Autor de numerosas obras sobre la ciudad, sus tribus y sus violencias, el especialista considera que el fenómeno del ‘botellón’ no es muy novedoso. No es sino la forma actual de prácticas dionisíacas muy viejas vinculadas con la mitología del vino y del alcohol.

“Es la versión postmoderna de la Fiesta de los Viñadores”, resume Yves Pedrazzini. Aquí, ningún pretexto folclórico, cultural, deportivo, o incluso religioso. Contrariamente a las fiestas, las ventas públicas y otros carnavales, el ‘botellón’ tiene la valentía de poner las cartas boca arriba. Si se viene, es para beber.

Y, con frecuencia, más de lo razonable. “Se va a lo esencial. Los rituales ancestrales desaparecieron. Estamos en una sociedad del siglo XXI, marcada por el consumo. Y es menester que ese consumo sea rápido, abundante, barato y a la moda”.

Un juego
Aunque su papel no sea moralizante, Pedrazzini se dice inquieto por la forma en que beben los chicos y las chicas de 16 años, y a veces hasta de menos.

“Hay un problema de salud pública”, estima el sociólogo. “Hoy, los jóvenes beben mucho más rápidamente, mucho más, y lo hacen de manera ostensible. Se ha convertido en un juego el hecho de embriagarse en el espacio público y en forma apresurada”.

Un simple juego, en efecto. “Al principio, en España, y sobre todo en Barcelona, existía la voluntad de reapropiarse un espacio público acondicionado de manera tan rica y tan bella, que se había vuelto intocable”, explica Yves Pedrazzini.

Pero ese contenido reivindicativo se perdió en los excesos del ‘botellón’. “Empero, si se hace una ley en contra, probablemente habrá una reacción que va a politizarse.
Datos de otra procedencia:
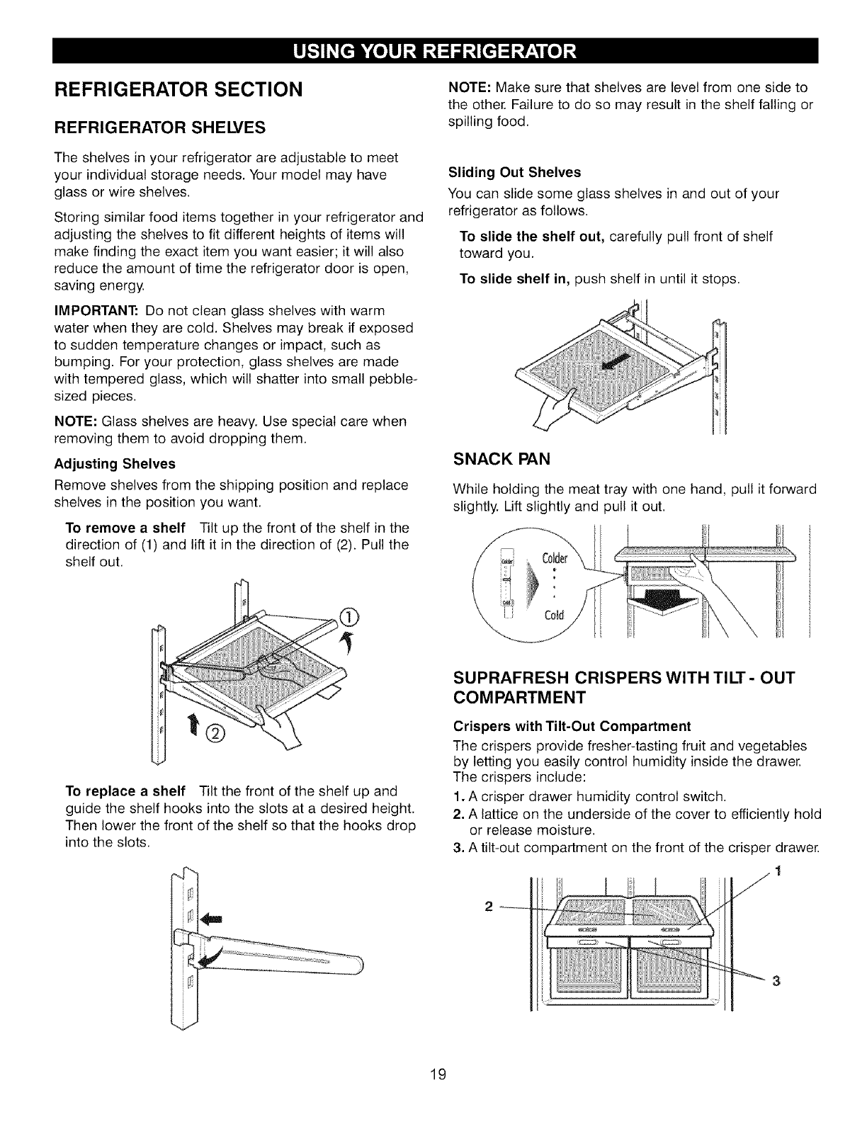from the freezer to the fresh food section and move all packages that block vents and restrict airflow. Refer

La gente irá porque está prohibido”, prevé el sociólogo.

¡Prohibido…! pero no siempre
Todavía no estamos en eso, pero si las autoridades de la Suiza de expresión francesa se sienten un poco desamparadas, aquellas de la Suiza de habla alemana apuestan a la represión para evitar desbordamientos.

Formalmente, está prohibido a los jóvenes de más de 18 años, que tienen derecho a comprar alcohol, entregarlo a sus compañeros más jóvenes, y aun cuando es difícil hacer respetar esa ley, existen controles.
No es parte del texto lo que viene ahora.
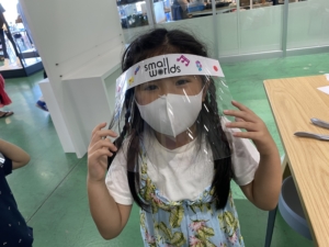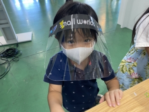 無料でつくれるフェイスシールドコーナーを見つけると、大はしゃぎ!

La ciudad de Coira, capital de los Grisones, fue más lejos, al decretar una prohibición general de beber alcohol en la vía pública entre la medianoche y las 07.00 de la mañana.

Y si el ‘botellón’ pasó por la rivera del Lago Lemán antes de franquear la frontera de las lenguas, en el semicantón de Basilea-Campo existe la carrera de cerveza de Münchenstein, debidamente autorizada, y que tiene lugar de día.
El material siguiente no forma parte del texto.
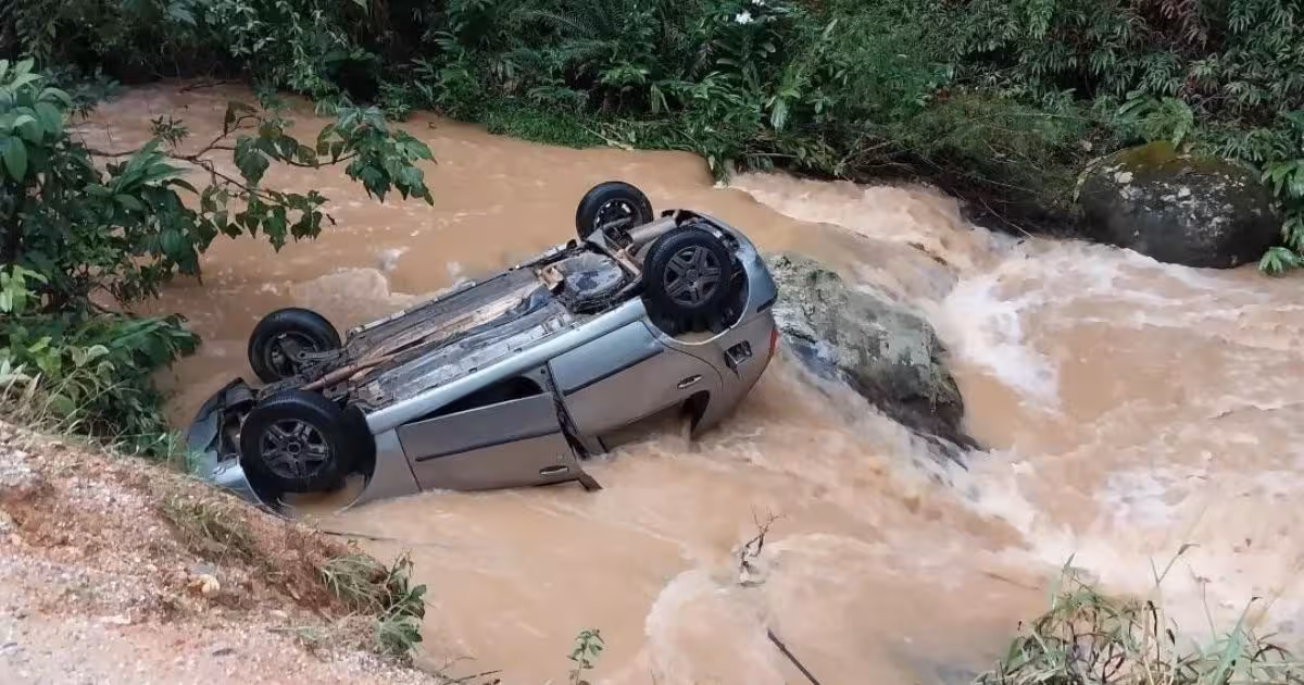 Carro cai em ribeirão próximo da cachoeira do Taquaruçu, em Brusque

Se trata de recorrer cinco kilómetros, por equipos de dos, con una caja de 20 botellas de medio litro de cerveza, a vaciar antes de la llegada. ¡Y para aquellos que aún tengan sed, el reglamento autoriza el consumo de otras bebidas!

Organizada cada 1º de mayo, desde 1994, esta ‘competición’ puede reunir hasta 3.000 participantes. El sistema viene de Alemania. Es decir, la imaginación etílica de la gente del norte no tiene nada qué envidiar a la de la gente del sur.